Assim surge o mundo do cosido, expressão de uma política artesanal e espiritual que substitui o domínio pela integração, a força pela costura e o interesse pela fidelidade.

Essa costura se dá em três ordens: jurídica, econômica e social, revelando o Reinado de Cristo até mesmo para aqueles que ainda não O confessam. A obra do cristão é a obra de reintegrar, como afirmou São Paulo: "tudo foi criado por Ele e para Ele [...] e n’Ele tudo subsiste" (Cl 1,16-17).

2. O cosedor de mundos e a revelação das comunidades

O homem cristão é, segundo Leopold Szondi, um construtor de pontes — ou seja, alguém que vence o abismo do tempo, do espaço e da dor por meio de decisões éticas, capazes de construir sentido e continuidade1. A esse construtor, aqui chamamos de cosedor de mundos: ele é o anti-revolucionário por excelência.

Se os modernos inventaram tradições e imaginaram comunidades a partir daquilo que era apenas conveniente e dissociado da verdade, o cristão revela comunidades reais, fundadas no que se ama e se rejeita em Cristo.

Portanto, o homem, revestido de verdadeiro Deus e verdadeiro homem, torna-se um revelador de comunidades autênticas, reunidas não por ficções ideológicas, mas por vínculos espirituais visíveis na vida comum, no serviço e no culto.

3. Redes santas: Benkler, Castells e a cristianização da conectividade

Os estudiosos contemporâneos das redes — como Yochai Benkler, Manuel Castells e Bruno Maçães — demonstram que o poder se reorganiza hoje em torno de redes informacionais e de infraestruturas digitais que operam como tecidos invisíveis da política global.

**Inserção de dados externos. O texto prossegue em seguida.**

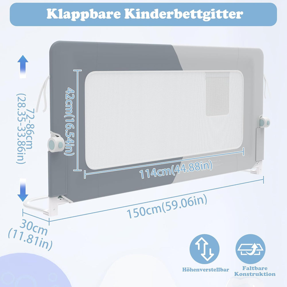 UISEBRT Bettgitter 150cm Bettschutzgitter Klappbar für Kleinkinder, Rausfallschutz Höhenverstellbar
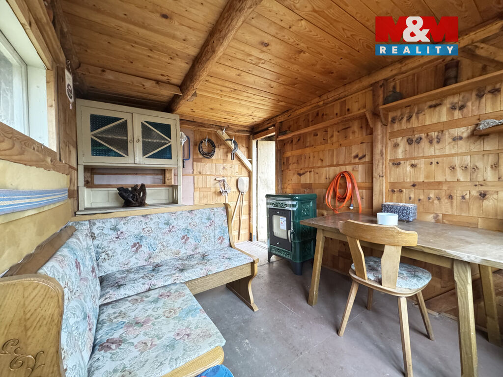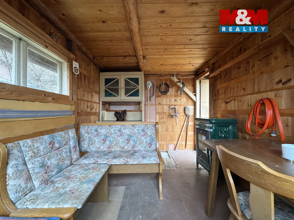 Na pozemku se nachází dřevěná chatka vybavená novými kamny, vhodná pro sezónní pobyt i uskladnění zahradního nářadí. K dispozici je vodovodní přípojka využitelná během sezóny od jara do podzimu.

Benkler, em The Wealth of Networks, argumenta que o novo valor econômico não vem da propriedade, mas da cooperação em rede e da produção social baseada em valores compartilhados2. Contudo, a cristianização dessa ideia revela que tais redes só frutificam plenamente quando os valores são verdadeiros — e o valor supremo é Cristo, “o Caminho, a Verdade e a Vida” (Jo 14,6).

Castells, por sua vez, em A Sociedade em Rede, vê o mundo contemporâneo como um sistema global de fluxos informacionais que redefine poder e identidade3. O cristão redime esse sistema não pelo isolamento, mas pela presença fiel e ordenadora dentro dele, fazendo da rede um campo de missão, não de servidão.

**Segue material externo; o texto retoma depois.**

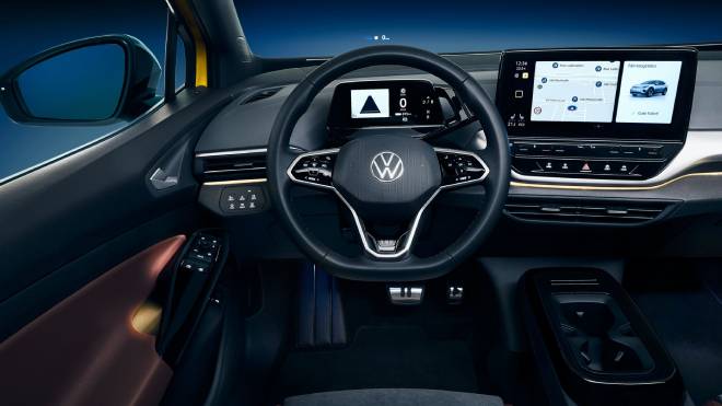 ID 4 rakamsal verilerin dışında donanımsal nitelikleriyle de merak edilen bir model oldu. Gerçekleştirilen tanıtımla birlikte kokpit bölümünde kullanıcı bekleyen şemayı da görmüş olduk. Tasarımcılar direksiyonun arkasında 5,3 inçlik dijital sürücü ekranına yer verirken ebatları 10 inç ile 12 inç arasında değilen multimedya ekranı da merkezde konumlandırıyor. “Hello ID” ses komutuyla kullanıcılara tepki verebilecek bir arayüz deneyiminin de bizleri beklediğini görüyoruz.

Bruno Maçães, em A Geopolítica da Conectividade, mostra como a disputa política atual ocorre em torno dos corredores de infraestrutura e fluxos transnacionais4. Quando esses fluxos são reordenados espiritualmente, tornam-se vias da Providência — verdadeiras “vias sacras” da política cristã.

4. O Estado-Mercado cristianizado: Philip Bobbitt e Plínio Salgado sob o Reinado de Cristo

Philip Bobbitt, em The Shield of Achilles, anuncia a ascensão do Estado-mercado, que substitui o Estado-nação e organiza o poder a partir do mercado global5. Sem Cristo, esse modelo tende à tirania disfarçada de liberdade. Mas quando redimido, o Estado-mercado pode tornar-se um Império de Cultura — um corpo político flexível, justo e evangelizador.

Plínio Salgado, com sua Doutrina do Sigma, antecipou esse modelo ao propor um Estado que integre organicamente família, propriedade, trabalho e fé, superando tanto o liberalismo dissolvente quanto o coletivismo totalitário6.

Unindo Bobbitt a Salgado, temos a possibilidade de um Estado-missão, um corpo intermediário da Cristandade que articula o serviço local com a santificação global, fundado no Logos e movido pela Graça. 

5. A superação do mito da fronteira e o surgimento das redes santificadas

O mito da fronteira como limite intransponível é superado quando o cristão entra, serve, santifica e transforma. A fronteira, nesse contexto, é uma etapa da pedagogia da missão — não o fim. Por isso, a diáspora dos fiéis não é fuga, mas sementeira: “aquele que sai chorando, enquanto lança a semente, voltará com júbilo, trazendo seus feixes” (Sl 126,6).

Assim se constitui a verdadeira rede social cristã: feita de comunidades vivas, conectadas por laços espirituais e práticas comuns, sustentadas por Cristo e organizadas em torno de uma missão comum.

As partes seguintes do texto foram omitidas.